De plus, il résulte du contrat de prêt du 19 octobre 2017, la PREMIER MFO CAPITAL LTD a consenti un prêt à Monsieur [Y] [G] pour financer la rénovation ou l’amélioration de son bien immobilier situé [Adresse 2] à [Localité 4], rendant vraisemblable que la société PREMIER MFO CAPITAL LTD a pris l’engagement de fournir, à certaines conditions, un prêt à des fins non professionnelles, l’immeuble pour lequel des travaux ont été fiancés étant désigné comme le lieu du domicile de Monsieur [Y] [G] au moment de la souscription du prêt et de la cession de créance et le délai biennal s’appliquant aux services de toute nature fournis à des consommateurs, de sorte que l’application de l’article L.218-2 du code de la consommation ne peut être exclue.

Par ailleurs, si l’action en paiement des mensualités impayées se prescrit à compter de leurs dates d’échéance successives, l’action en paiement du capital restant dû se prescrit à compter de la déchéance du terme, qui emporte son exigibilité.

En l’espèce, il résulte de l’article 1.1 du contrat que « le montant du prêt principal et les intérêts courus doivent être remboursées par l’emprunteur au plus tard le 19 octobre 2019 »., faisant courir l’éventuelle prescription à compter de cette date. Par ailleurs, la cession de créance intervenue entre la société Premier Capital MFO Ldt et la société AFL Capital Limited atteste de la déchéance du terme du contrat de prêt prononcé antérieurement à la date de cette cession le 30 septembre 2024.
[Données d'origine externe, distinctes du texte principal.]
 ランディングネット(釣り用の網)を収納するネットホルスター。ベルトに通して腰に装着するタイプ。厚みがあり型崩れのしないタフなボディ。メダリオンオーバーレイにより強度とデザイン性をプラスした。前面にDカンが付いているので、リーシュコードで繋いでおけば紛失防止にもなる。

Il convient de préciser que s’agissant d’une cession de créance, il résulte de l’article 1324 du code civil que la cession n’est opposable au débiteur, s’il n’y a déjà consenti, que si elle lui a été notifiée ou s’il en a pris acte.
Le débiteur peut opposer au cessionnaire les exceptions inhérentes à la dette, telles que la nullité, l’exception d’inexécution, la résolution ou la compensation des dettes connexes. Il peut également opposer les exceptions nées de ses rapports avec le cédant avant que la cession lui soit devenue opposable, telles que l’octroi d’un terme, la remise de dette ou la compensation de dettes non connexes.
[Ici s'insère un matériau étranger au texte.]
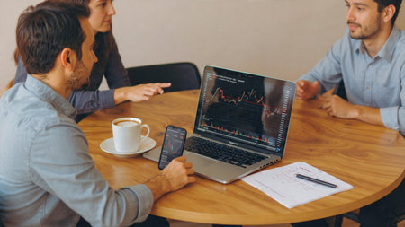 Business team on meeting to planning investment trading project and strategy of deal on a stock exchange with partner, financial and accounting concept, collaborative teamwork analyze data.
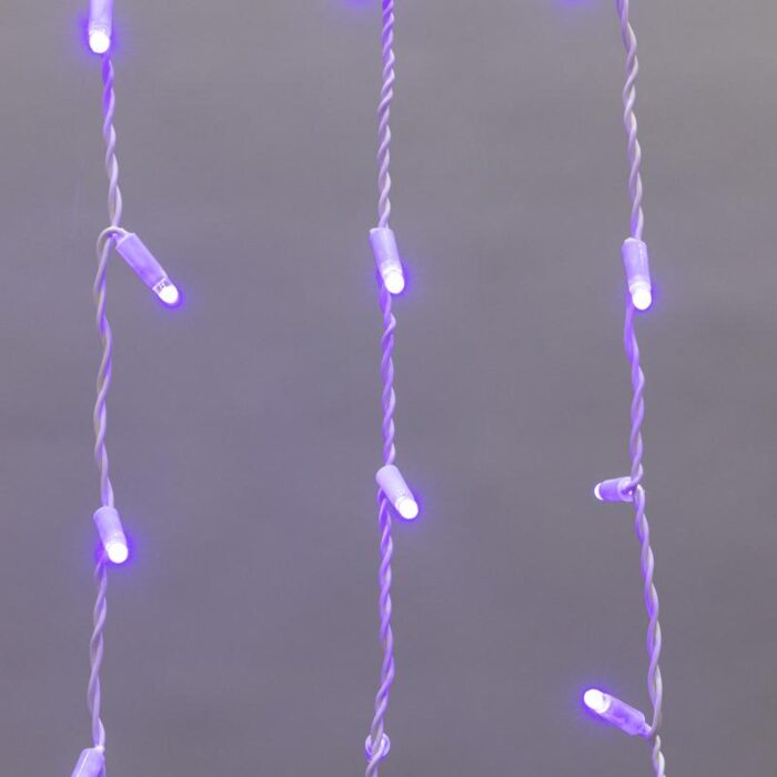 Гирлянда-бахрома с насыщенным синим свечением — эффектный выбор для уличной и интерьерной подсветки. Питание от сети 230 В, уровень защиты IP65, белый ПВХ-провод. Объединяется в цепь до 48 метров. Подходит для оформления крыш, фасадов и заборов.
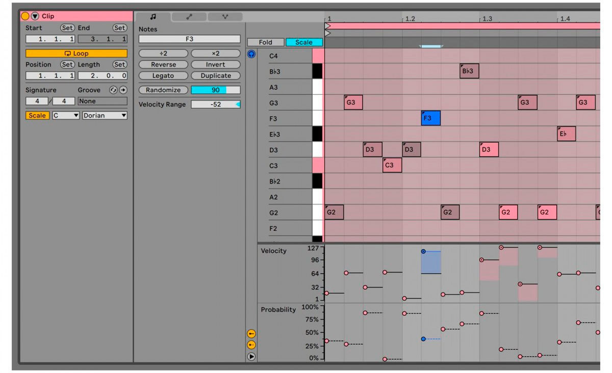 - Инструменты для добавления случайности: функции вероятности проигрывания нот и вероятности скорости нажатия позволяют определять вероятность звучания нот и значения скорости нажатия, создавая удивительные вариации для ваших паттернов или вариации в их динамике.

Si pour être opposable au débiteur, la cession de créance doit lui avoir été notifiée, le délai de l’article L.218-2 du code de la consommation se rattache à la prescription extinctive de la créance et non à la notification de la créance.

Dans ces conditions, la prescription de l’action ne pouvant être exclue, l’obligation se heurte à une contestation sérieuse, de sorte qu’il n’y a lieu à référé.

La société de droit chypriote AFL CAPITAL LIMITED conservera la charge des dépens, distraits au profit de Maître Olivier SINELLE, en application des dispositions de l’article 699 du code de procédure civile, sans que l’équité ne commande de faire droit à la demande fondée sur l’article 700 du code de procédure civile.

PAR CES MOTIFS

Nous, juge des référés, statuant par ordonnance de référé, mise à disposition au greffe contradictoire et en premier ressort,

Vu l’article 835 du code de procédure civile,

DISONS n’y avoir lieu à référé ;

CONDAMNONS la société de droit chypriote AFL CAPITAL LIMITED aux dépens de l’instance ;

DISONS n’y avoir lieu à application de l’article 700 du code de procédure civile.

Ainsi jugé et prononcé par mise à disposition au greffe, les jours, mois et an susdits.